Tuesday, November 14, 2006

A Conversation With Mary


Lovi sent this to me in an e-mail. Someone had written: “Wouldn’t you love to know what her conversation is about?” I wrote Lovi back and told her she’s saying: “Parents—can’t live with ‘em, can’t live without ‘em……what’s a kid to do?”

I suppose she could have been saying: “Did you see what that brat across the street did? I told him he would be in big trouble. Boys just never listen!”

How about: “Can we talk about my bedtime? If I clean my plate, can I stay up an extra hour and watch ‘Desperate Housewives’?”

“I think it’s time for a baby brother. Talk to the folks, would you?”

“I need to have a word with you about my allowance.”

“If I can’t have a brother, how about a puppy for Christmas?”

“While we’re on the subject, will it be a white Christmas?”

“A cat?”

“What do you think about this election crap?”

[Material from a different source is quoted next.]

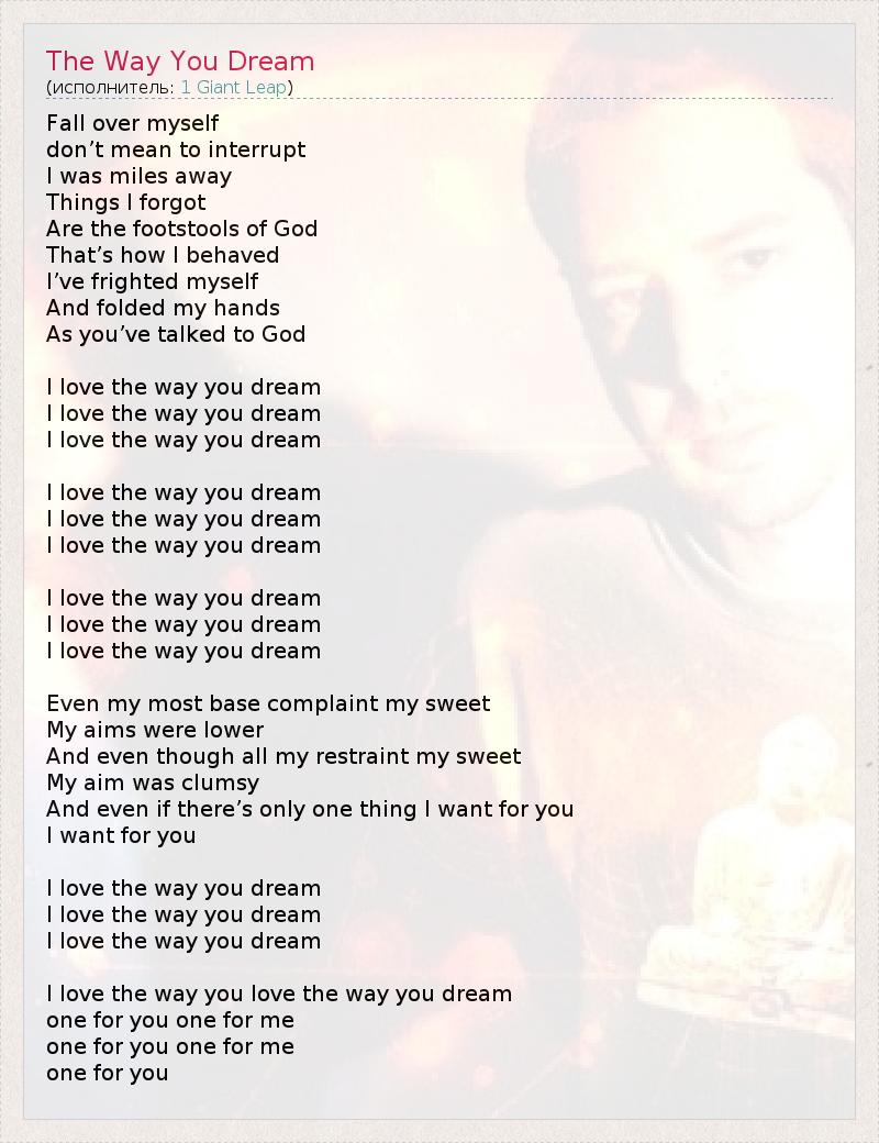 Fall over myself don’t mean to interrupt I was miles away Things I forgot Are the footstools of God That’s how I behaved I’ve frighted myself And folded my hands As you’ve talked to God I love the way you dream I love the way you dream I love the way you dream I love the way you dream I love the way you dream I love the way you dream I love the way you dream I love the way you dream I love the way you dream Even my most base complaint my sweet My aims were lower And even though all my restraint my sweet My aim was clumsy And even if there’s only one thing I want for you I want for you I love the way you dream I love the way you dream I love the way you dream I love the way you love the way you dream one for you one for me one for you one for me one for you
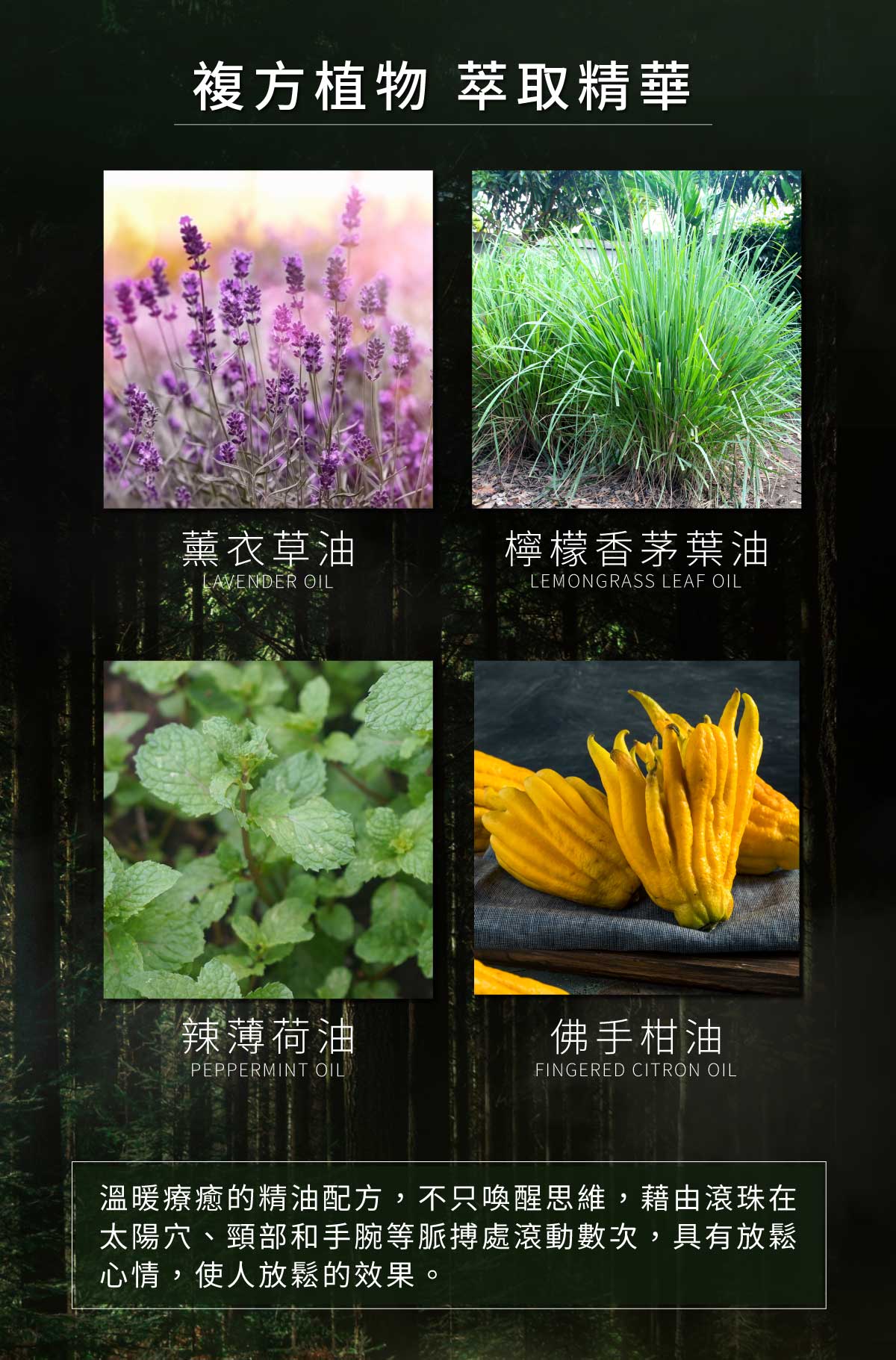 成分:ISOPROPYL PALMITATE 棕櫚酸異丙酯、MENTHOL 薄荷醇、CITRUS PARADISI (GRAPEFRUIT) PEEL OIL 葡萄柚(GRAPEFRUIT)果皮油、CINNAMOMUM CAMPHORA (CAMPHOR) BARK OIL 樟樹(CAMPHOR)樹皮油、MENTHA PIPERITA (PEPPERMINT) OIL 辣薄荷(PEPPERMINT)油、CAPRYLIC/CAPRIC TRIGLYCERIDE 辛酸/癸酸甘油三酯、CITRUS AURANTIUM BERGAMIA (BERGAMOT)FRUIT OII 香檸檬(BERGAMOT)果油、CYMBOPOGON CITRATUS LEAF OIL 檸檬香茅葉油、CITRUS LIMON (LEMON) PEEL OIL 檸檬(LEMON)果皮油、LAVANDULA ANGUSTIFOLIA (LAVENDER) OIL 薰衣草(LAVENDER)油、SIMMONDSIA CHINENSIS (JOJOBA) SEED OIL 霍霍巴(JOJOBA)籽油

“C’mon, a hamster? Please?”

“Helloooooooo, anybody in there?”

My teenage age daughter was literally lying on the floor laughing when I came up with some of these. What do you think little Anna is saying?

Flo

3 comments:

HollyB said...

"What do YOU think about that Evangelical Gay Crank Snorting preacher in Colorado?"

"Could you give us some help with gettin' rid of Nagin, PUHLEEZE?" she is in N'orlens, right?

Or maybe, "Thanks for holding off on the hurricanes this year, but puhleeze get rid of Nagin, would you?"

HollyB said...

"So, should I join the Carmelites, or a different order?"

"What did YOU think about 'The DaVinci Code'?"

Anonymous said...

What ARE those funny noises coming from Mommy and Daddy's room at night after they tuck me in?

I thought I asked for a puppy and NOT a little brother?!?!?

When my Auntie Cait wins the Lottery/Publisher's Clearing House does she HAVE TO SHARE with her Quads? And, if so, what percentage?

Why does my bubble gum lose its flavor on the bedpost overnight?